Das deckt rund 30 Nationen ab: die traditionelle russische Einflusssphäre, die historischen Grenzen des russischen Reiches und die aktuellen politischen und energiewirtschaftlichen Rivalitäten.

Kein Wunder, dass der Belagerungsring aus dem Ruder läuft.

Russland garantiert die Schifffahrt durch Asien, die Arktis und Europa in Verbindung mit dem eurasischen Eisenbahnnetz der BRI.

Und zu guter Letzt: Legen Sie sich nicht mit einem Atombären an.

Das ist es, worum es bei Hardcore-Machtpolitik im Wesentlichen geht. Medwedew hat nicht geprahlt, als er sagte, die Ära einer einheitlichen Reservewährung sei vorbei. Das Aufkommen einer ressourcenbasierten globalen Reservewährung bedeutet, kurz gesagt, dass 13 % des Planeten die anderen 87 % nicht mehr beherrschen werden.

Es ist eine Neuauflage von NATOstan vs. Eurasien. Kalter Krieg 2.0, 3.0, 4.0 und sogar 5.0. Es spielt keine Rolle. Alle früheren Nationen der Blockfreien Bewegung (NAM) erkennen, aus welcher Richtung die geopolitischen und geoökonomischen Winde wehen: Die Zeit, ihre wirkliche Souveränität zu behaupten, ist gekommen, während die „regelbasierte internationale Ordnung“ ins Gras beißt.

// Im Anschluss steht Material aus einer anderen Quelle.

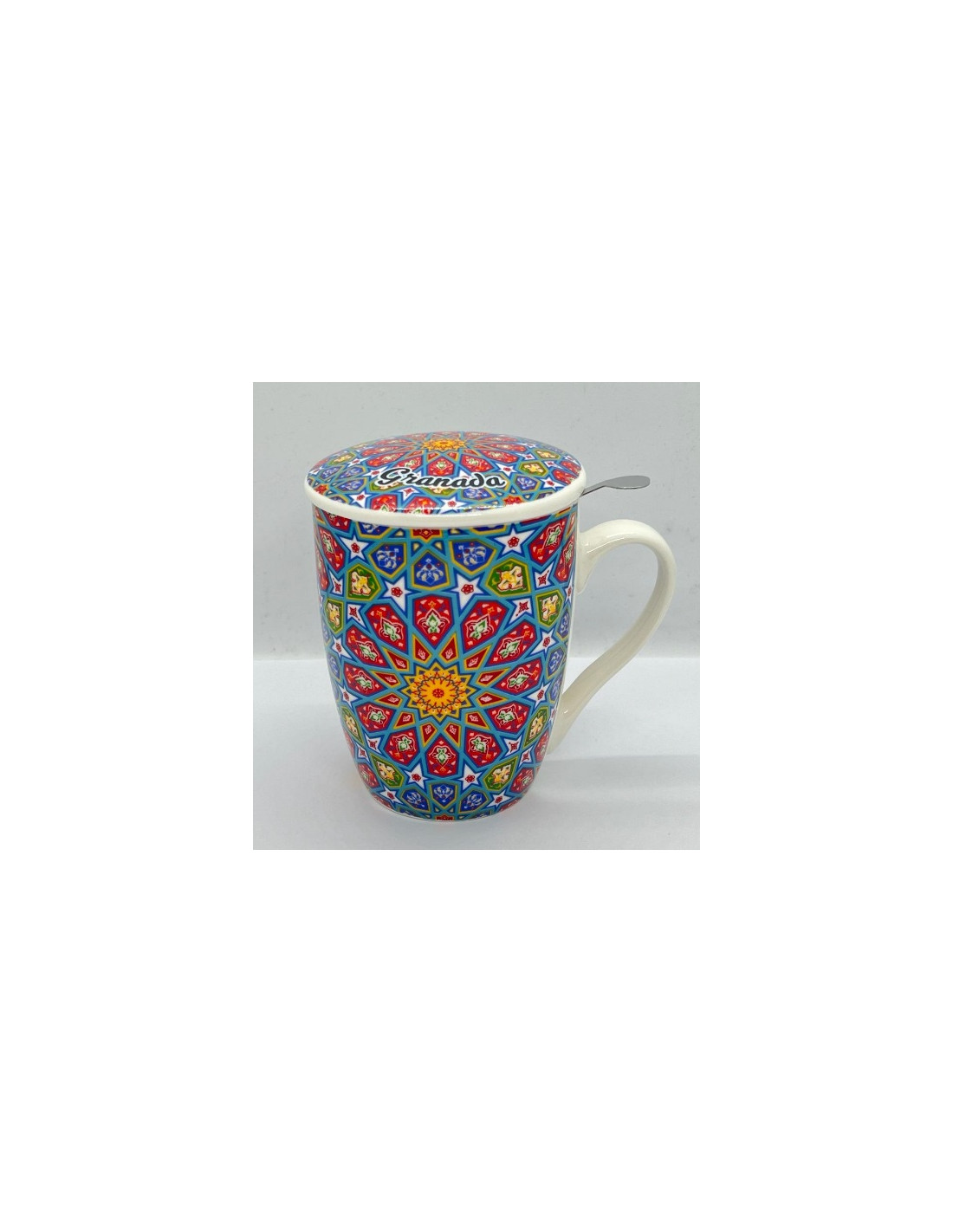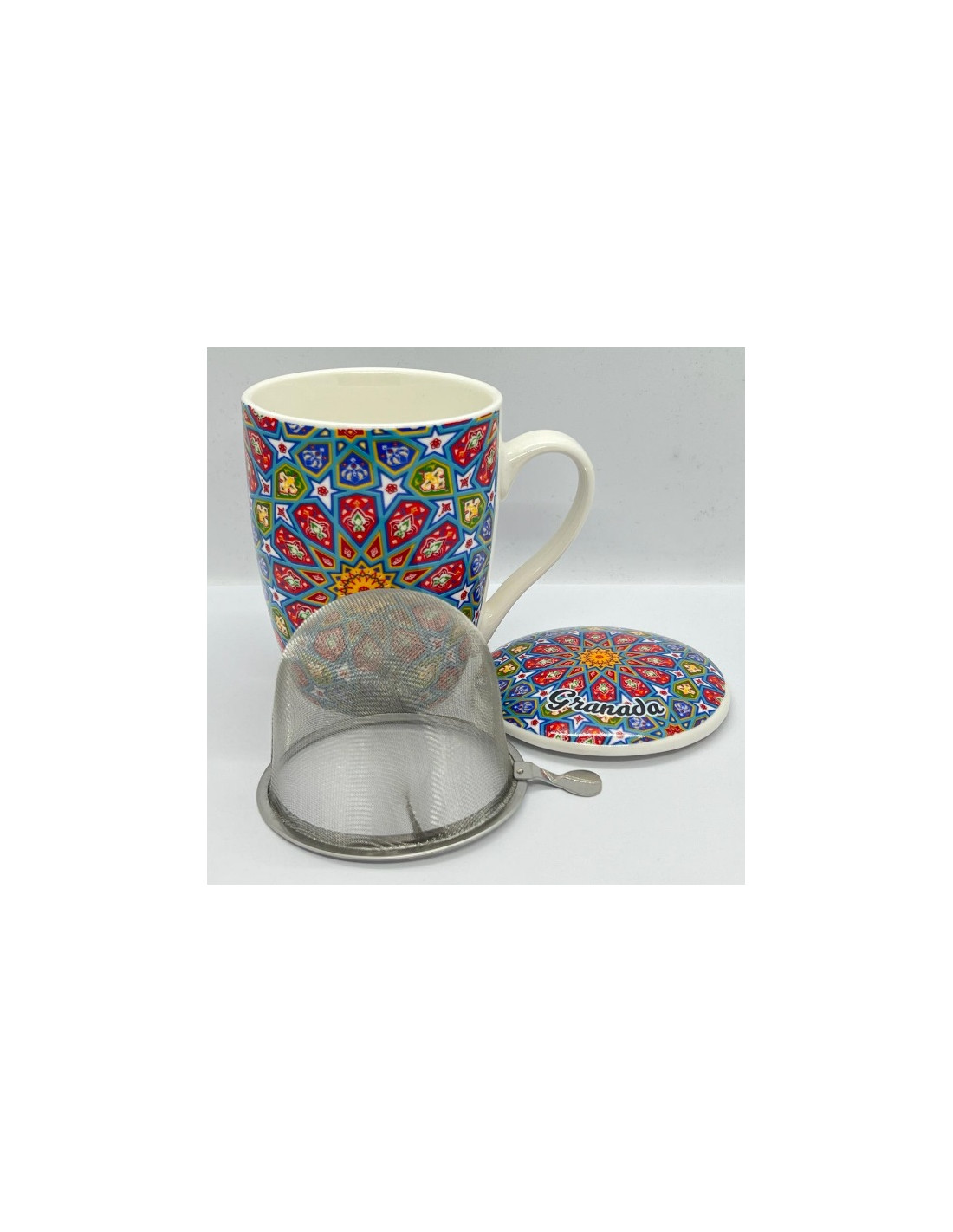 Porcelain tea cup with filter and lid - Mosaics of the Alhambra design
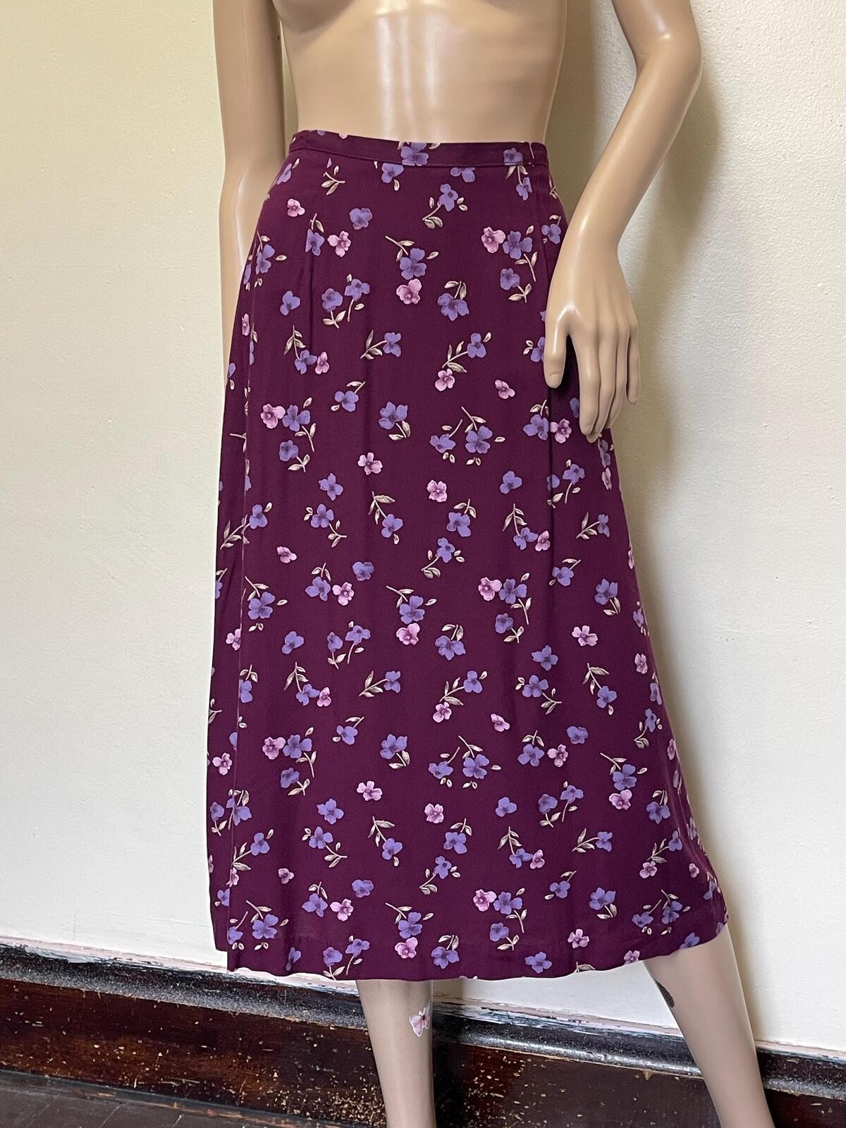 Vintage 90s Purple Floral Print High Waist Grunge Midi Skirt S
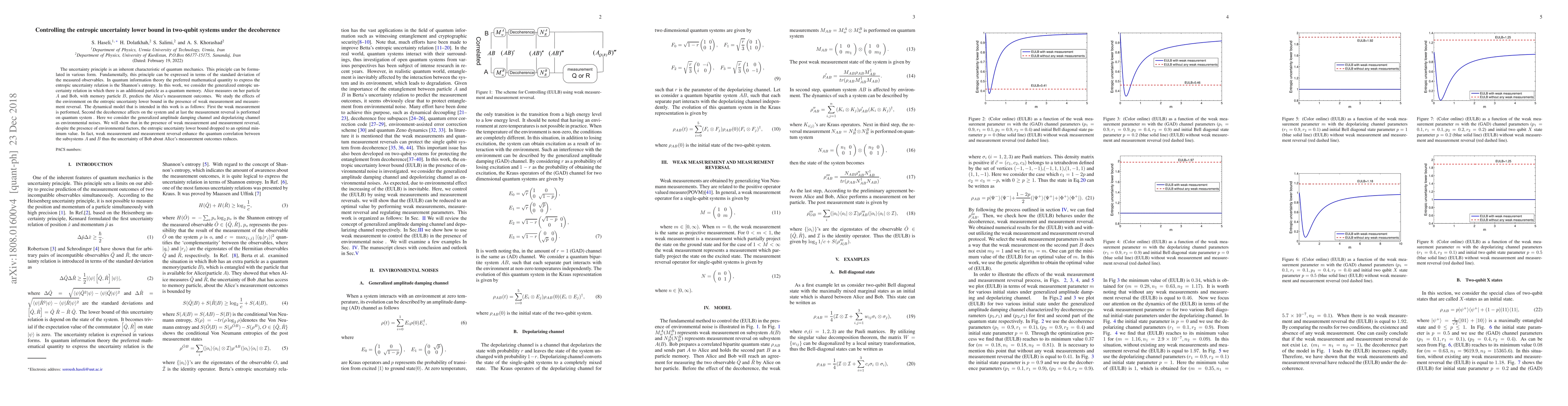 This paper investigates how weak measurement and measurement reversal influence the entropic uncertainty lower bound in two-qubit systems under decoherence. Despite environmental noise, these techniques can minimize the uncertainty, enhancing quantum correlations between subsystems and reducing Bob's uncertainty about Alice's measurement outcomes.

Willkommen in der Geburtsstunde des neuen Weltsystems. Außenminister Sergej Lawrow hätte es in China nach einem Treffen mit mehreren Amtskollegen aus ganz Eurasien nicht besser ausdrücken können:


„Eine neue Realität entsteht: Die unipolare Welt gehört unwiderruflich der Vergangenheit an, eine multipolare Welt nimmt Gestalt an. Das ist ein objektiver Prozess. Er ist unaufhaltsam. In dieser Realität wird mehr als eine Macht „regieren“ – es wird notwendig sein, zwischen allen Schlüsselstaaten zu verhandeln, die heute einen entscheidenden Einfluss auf die Weltwirtschaft und -politik haben. Gleichzeitig sorgen diese Länder, die sich ihrer besonderen Situation bewusst sind, für die Einhaltung der Grundprinzipien der UN-Charta, einschließlich des grundlegenden Prinzips der souveränen Gleichheit der Staaten. Niemand auf dieser Erde sollte als unbedeutender Akteur betrachtet werden. Alle sind gleich und souverän.“Übersetzt mit Deepl.com

Pepe Escobar, ein langjähriger brasilianischer Journalist, ist leitender Korrespondent der in Hongkong ansässigen Asia Times. Sein neuestes Buch ist „2030“.